Come è stata sviluppata la metodologia MEIC a Roma?

90 attori sociali, economici e politici sono stati mappati e suddivisi in quattro gruppi tematici: alloggi, istruzione, formazione e lavoro, cultura e sport, istituzioni e sindacati.

La metodologia MEIC è stata sviluppata in 5 fasi:

  1. Attivazione della rete = i potenziali partner sono stati individuati
  2. Organizzazione dell'interazione = definizione di regole per la collaborazione al fine di evitare comportamenti da free-rider
  3. Intermediazione = creazione di una corrispondenza tra problemi, soluzioni e attori
  4. Facilitazione dell'interazione = attività comuni, programmazione degli incontri e monitoraggio costante del dialogo tra i membri della rete
  5. Mediazione e arbitrazione in caso di conflitto

I due focus group e le interviste tra i principali stakeholder socio-economici hanno portato all'identificazione delle seguenti reti:

  1. Reti di cooperazione = relazioni informali tra i partner LIME e le organizzazioni che operano in settori simili per attivare pratiche informali di condivisione di informazioni e competenze.
  2. Reti di coordinamento = tra i partner LIME, le istituzioni pubbliche e gli attori che operano nei settori complementari all'integrazione lavorativa dei cittadini di paesi terzi per coordinarsi con le organizzazioni che forniscono servizi di accoglienza, supporto legale, supporto psicologico e mediazione culturale in senso lato.
  3. Reti di collaborazione = tra gli attori interessati a partecipare al progetto che definiranno non solo l’attivazione dei tirocini ma anche politiche innovative per risolvere problemi significativi a livello locali.

PROGETTO PILOTA - MADRID

Come si è sviluppato il MEIC a Madrid?

Attraverso una metodologia qualitativa basata su interviste approfondite con i partner del cluster territoriale spagnolo, Pinardi e Guaranì, e con il Grupo VIPS, al fine di esplorare la struttura di ogni organizzazione e le attività dei loro network nella comunità locale. Il Gruppo di Lavoro dei Cluster Territoriali Spagnoli ha deciso di testare l'efficacia del programma "Prima Esperienza Professionale" sul target vulnerabile dei giovani cittadini di Paesi Terzi (18-29 anni) e di monitorarne e valutarne l'impatto su due livelli:

  1. L'impatto del programma di formazione professionale sull'integrazione sociale dei beneficiari;
  2. L'impatto delle dinamiche di rete sul cluster territoriale stesso.

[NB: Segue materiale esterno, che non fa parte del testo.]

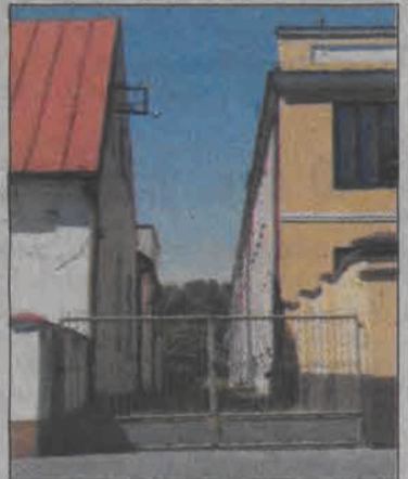
Brama zamyka wjazd w ul. Dominikańską już od 15 lat.

Pierwszym krokiem ku otwarciu ulicy powinno być przygotowanie dokumentacji wykonania przepustu przez kanał Malinówka i zbudowanie kładki. Ponadto miasto powinno zabezpieczyć sąsied-
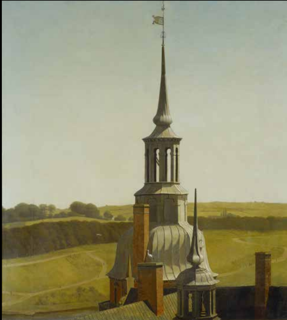
15. Christen Købke, Une des petites tours du château de Frederiksborg, vers 1834-1835 Huile sur toile, 177 x 162 cm, Copenhague, Designmuseum Danmark
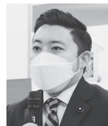
関口健太郎・都議(立憲民主党)
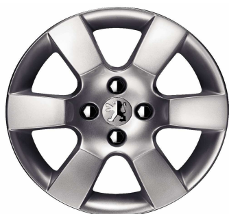
Jante Aluminium 16" ERIS

Toutes les jantes de 5008 sont chaînables avec jeux réduits.
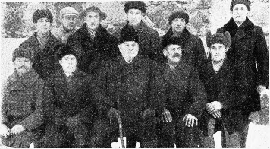
Alatskivi riigimõisa tööliskond. Ees keskel istub mõisavalitseja.

selt remonti: põrandad lagunened, küttekolded vanad ja sooja mittepidajad jne.
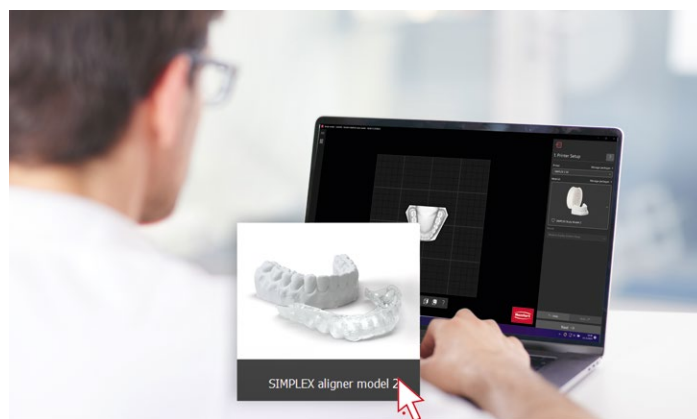
Прямая передача данных по сети LAN.
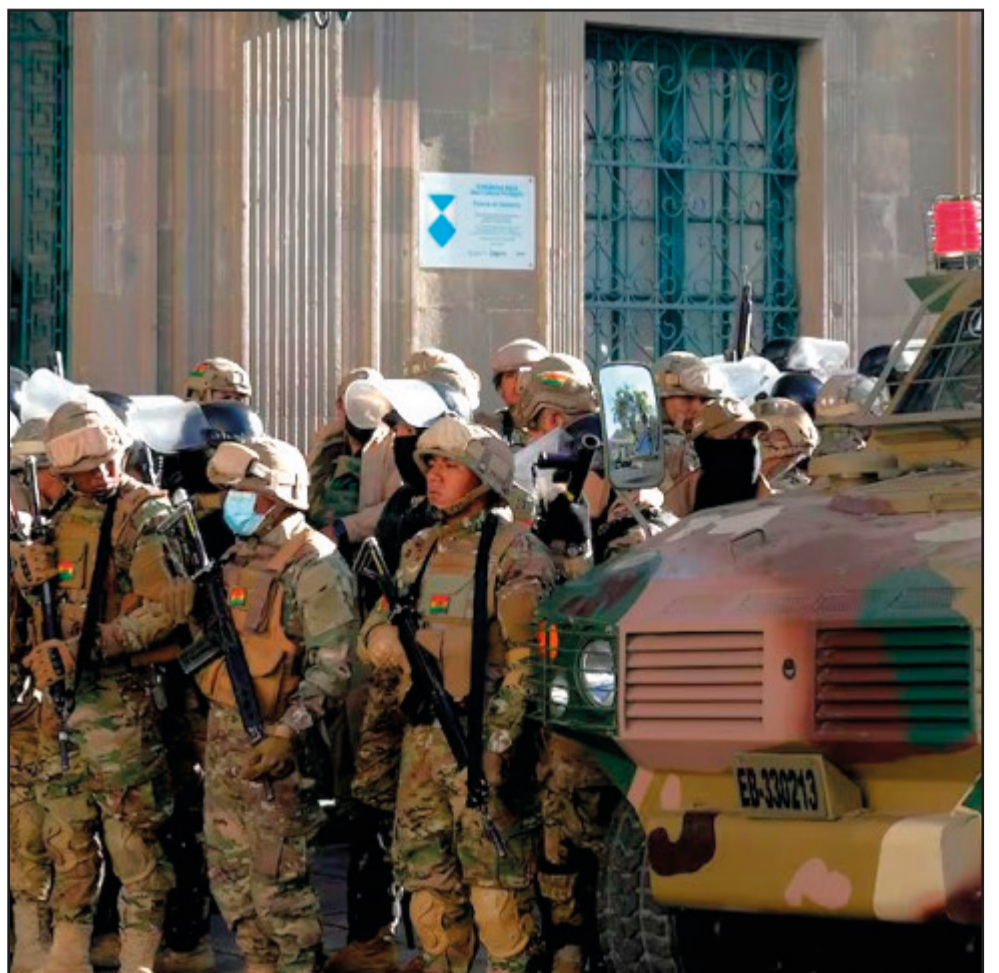
El 26 de junio del año pasado un grupo de militares protestaron contra el Gobierno de Luis Arce

Ribera desvirtuó su participación en la revuelta militar y adelantó que iniciará su defensa en la vía judicial. “No nos van a amedrentar”, manifestó Ribera en un video que circula en redes sociales.
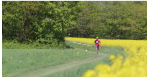
Trail du Grand Sénonais

Avec ses nombreux équipements et son large éventail d'associations sportives, Sens « Ville Active & Sportive » aux 4 lauriers et le Sénonais offrent aux sportifs du quotidien (comme du dimanche) un large choix d'activités et de sensations ! Du football au karting en passant par le rugby, le volley, l'escalade, la voile ou la course d'orientation, il y en a pour tous les goûts ! Cet esprit sportif du Sénonais se traduit aussi par ses événements à rayonnement national voir international : Trail du Grand Sénonais, Tournoi sans Frontières, Rallye du Grand Sénonais... sans oublier le 11 juillet 2024 : le passage de la flamme olympique à Sens !
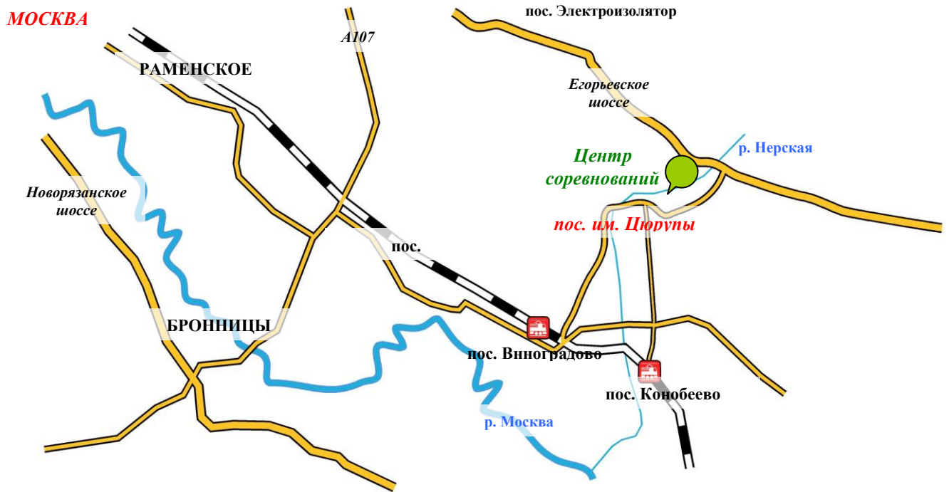
Схема проезда от г. Москва до центра соревнований
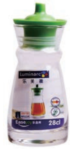
F-J9067 280cc 油醋瓶 H : 135mm φ : 55mm
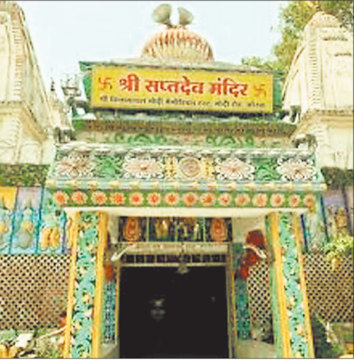
हरिभूमि न्यूज कोरबा

आगामी शनिवार को मनाई जाने वाली श्रीकृष्ण जन्माष्टमी को मनाने के लिए शहर और उपनगरीय क्षेत्रों में समितियों के द्वारा तैयारियां की गई हैं। कहीं मटकी फोड़ प्रतियोगिता आयोजित होगी तो बच्चों के लिए कृष्ण बनो, तो कहीं लड्डू गोपाल प्रतियोगिता का आयोजन किया जाएगा। इस दौरान मटकी फोड़ प्रतियोगिता हेतु 11 हजार रुपए की भी घोषणा की गई है। श्री सप्तदेव मंदिर में श्रीकृष्ण जन्माष्टमी उत्सव की तैयारियां शुरु श्री सप्तदेव मंदिर में मनाया जाने वाला श्रीकृष्ण जन्माष्टमी उत्सव की तैयारी शुरु हो चुकी है। यहाँ यह पर्व मथुरा और
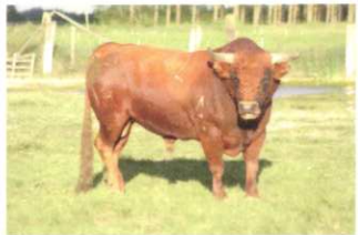
Nº 32 DE RAMILLO. ENCASTE CARRIQUIRI 492 kg. (Utrero)
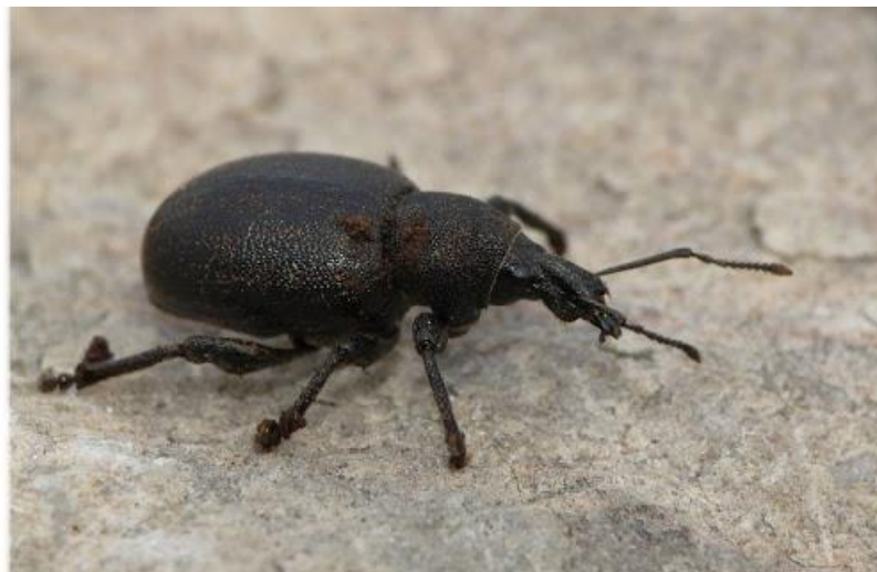
Slika 6. Crna vinova pipa

Ova pipa je proširena u istočnoj Slavoniji i Srijemu. Tijelo joj je crno - smeđe boje, dužine 9-10 mm (Slika 6.). Štetni stadij je odrasli oblik. Ličinka živi u tlu i korijenu loze, ali i drugih biljaka, no tamo ne pravi štete. U rano proljeće izgriza pupove što može nanijeti značajnu štetu, naročito ako se pojavi u većoj brojnosti. Manje je otporna na insekticide od prugaste i crne vinove pipe ( http://www.vinogradarstvo.com ).

Hanno quindi attivato una rete di coordinazione focalizzata sull'integrazione dei servizi per risolvere il problema dell'integrazione economica dei RTC.

L'azione si è sviluppata in tre fasi.

  1. Pre-assunzione: il profilo dei beneficiari (di età compresa tra i 18 e i 29 anni, con l'apertura di una richiesta di rinnovo dell'asilo) è stato condiviso con le piattaforme Pinardi e con altre organizzazioni, al fine di diffondere la domanda di lavoro nella comunità di Madrid.
  2. Orientamento professionale: Pinardi e Guaranì hanno definito due percorsi informativi, uno volto ad orientare i beneficiari verso le tendenze del mercato del lavoro e le politiche attive del mercato del lavoro, l'altro volto ad introdurre i beneficiari ai diritti e ai doveri del lavoro.
  3. Programmi di formazione: durante ogni ciclo, Pinardi, Guaranì e VIPS attivano programmi di formazione, secondo la valutazione delle competenze e dei bisogni formativi e la loro corrispondenza con l'analisi dei bisogni del mercato del lavoro.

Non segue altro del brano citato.